Parfois, on est amené à se poser des questions sur les travaux et les inspirations du groupe. « Eluveitie » sort momentanément des sentiers battus sur certains extraits, et le moins que l’on puisse dire, c’est que ça surprend. Par contre l’effet n’a rien de positif. On retrouve ainsi en bonne place Anna Murphy sur « The Call of the Mountains » dans une sorte de court échantillon d’« Evanescence », distillant mal ses relents pop rock. L’auditeur sera plus partagé entre un « Sucellos » et un « Inception » qui s’affirment tous deux dans un style plus contemporain, incorporant du core tapageur, rageur. Cependant, le mariage avec le folk n’est pas des plus alléchants. Avec ses diverses transitions, son break tribal, « Sucellos » se montre un peu plus élaboré qu’ « Inception », qui s’illustre lui ostensiblement comme une suite, mais dans une musique plus nerveuse et aiguisée. Pour ses cas, la patte d’ « Eluveitie » est quasi méconnaissable, mais à vrai dire, ce n’est pas plus distrayant en soi.

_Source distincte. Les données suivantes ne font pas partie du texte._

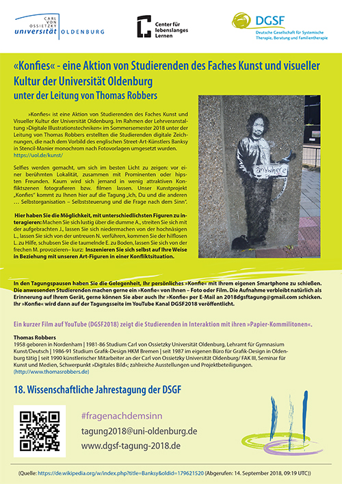 In den Tagungspausen haben Sie die Gelegenheit, Ihr persönliches »Konfie« mit Ihrem eigenen Smartphone zu schießen. Die anwesenden Studierenden machen gerne ein »Konfie« von Ihnen – Foto oder Film. Die Aufnahme verbleibt natürlich als Erinnerung auf Ihrem Gerät, gerne können Sie aber auch Ihr »Konfie« per E-Mail an 2018dgsftagung@gmail.com schicken. Ihr »Konfie« wird dann auf der Tagungsseite im YouTube Kanal DGSF2018 veröffentlicht.

Rien n’a véritablement changé depuis « Everything Remains As It Never Was ». Le groupe tenu par Chrigel Glanzmann s’évertue à resservir depuis trois albums un contenu sans trop d’originalité, sans véritable authenticité, sans réel adorateur. « Eluveitie » est un leader contesté et contestable, qui ne mérite pas d’être placé autant sous les projecteurs au su des productions qu’il nous offre depuis quelques années. Le souvenir des bons albums commence à vieillir, si bien que l’on pourrait appeler cela désormais de la nostalgie. Oui ! Il est grand temps pour eux de revenir à ce qu’ils faisaient. Il est grand temps pour « Eluveitie » de revenir à ses origines, de se redonner une seconde jeunesse. Il n’y a rien de pire pour un groupe d’être placé dans un rang que l’on ne devrait pas occuper. La chute en cas de disgrâce pourrait être vertigineuse.